DATASET EXCERPT

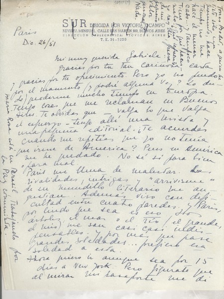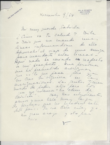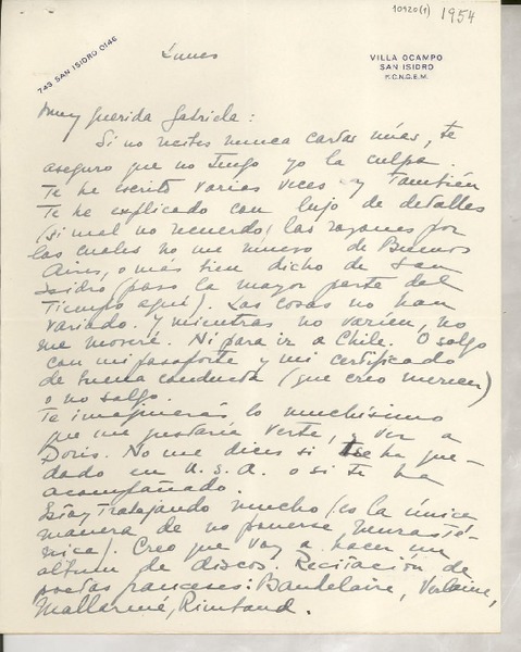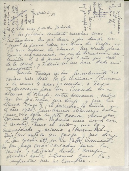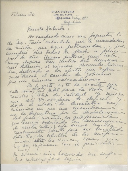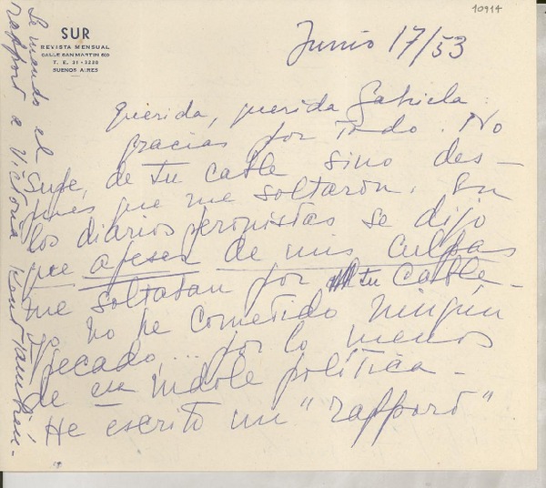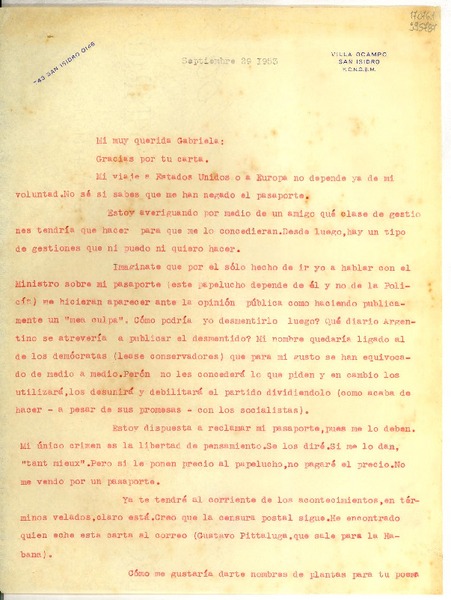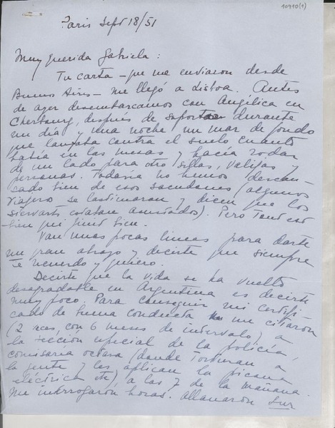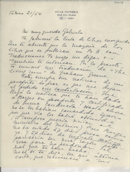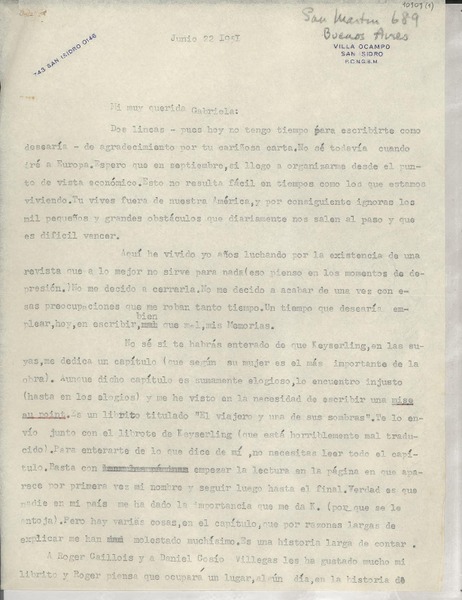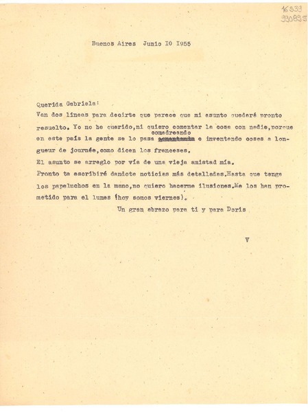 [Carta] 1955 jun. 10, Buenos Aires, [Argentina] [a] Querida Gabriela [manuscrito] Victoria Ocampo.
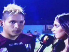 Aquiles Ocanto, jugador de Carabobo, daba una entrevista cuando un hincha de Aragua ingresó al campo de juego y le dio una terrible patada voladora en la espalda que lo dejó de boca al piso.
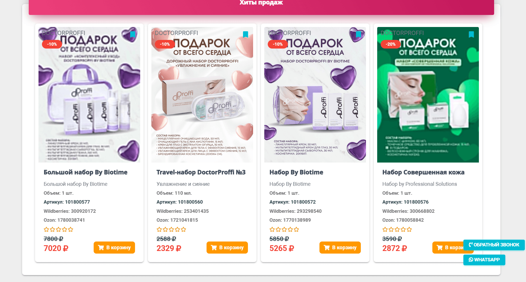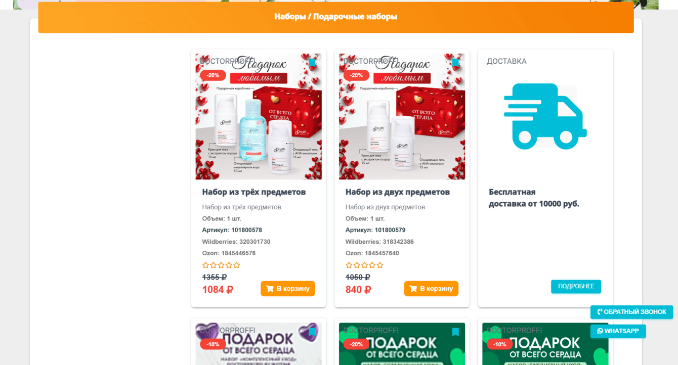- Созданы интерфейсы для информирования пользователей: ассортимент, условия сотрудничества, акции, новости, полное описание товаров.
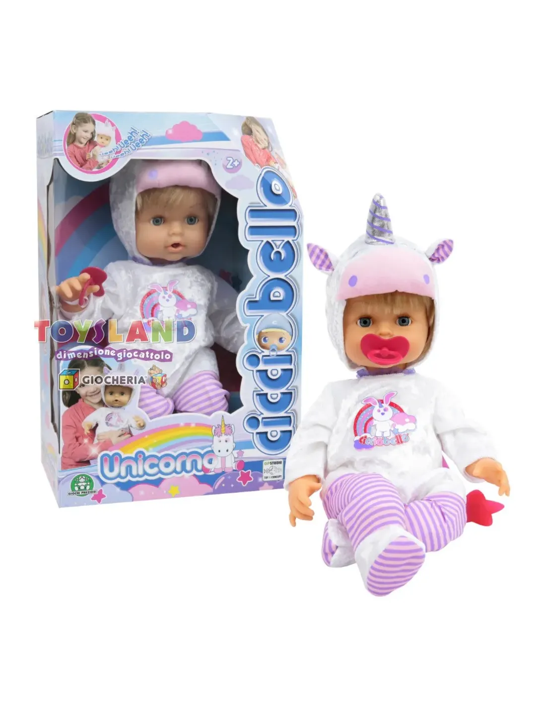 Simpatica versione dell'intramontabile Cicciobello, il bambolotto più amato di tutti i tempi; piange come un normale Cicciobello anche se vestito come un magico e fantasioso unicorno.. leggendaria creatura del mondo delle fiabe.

WHAT YOU HAVE TO DO
Quote in full the listing given above; the images are to be left out.

WORKED SOLUTION
 [Carta] 1955 jun. 10, Buenos Aires, [Argentina] [a] Querida Gabriela [manuscrito] Victoria Ocampo.
 Aquiles Ocanto, jugador de Carabobo, daba una entrevista cuando un hincha de Aragua ingresó al campo de juego y le dio una terrible patada voladora en la espalda que lo dejó de boca al piso.
- Созданы интерфейсы для информирования пользователей: ассортимент, условия сотрудничества, акции, новости, полное описание товаров.
 Simpatica versione dell'intramontabile Cicciobello, il bambolotto più amato di tutti i tempi; piange come un normale Cicciobello anche se vestito come un magico e fantasioso unicorno.. leggendaria creatura del mondo delle fiabe.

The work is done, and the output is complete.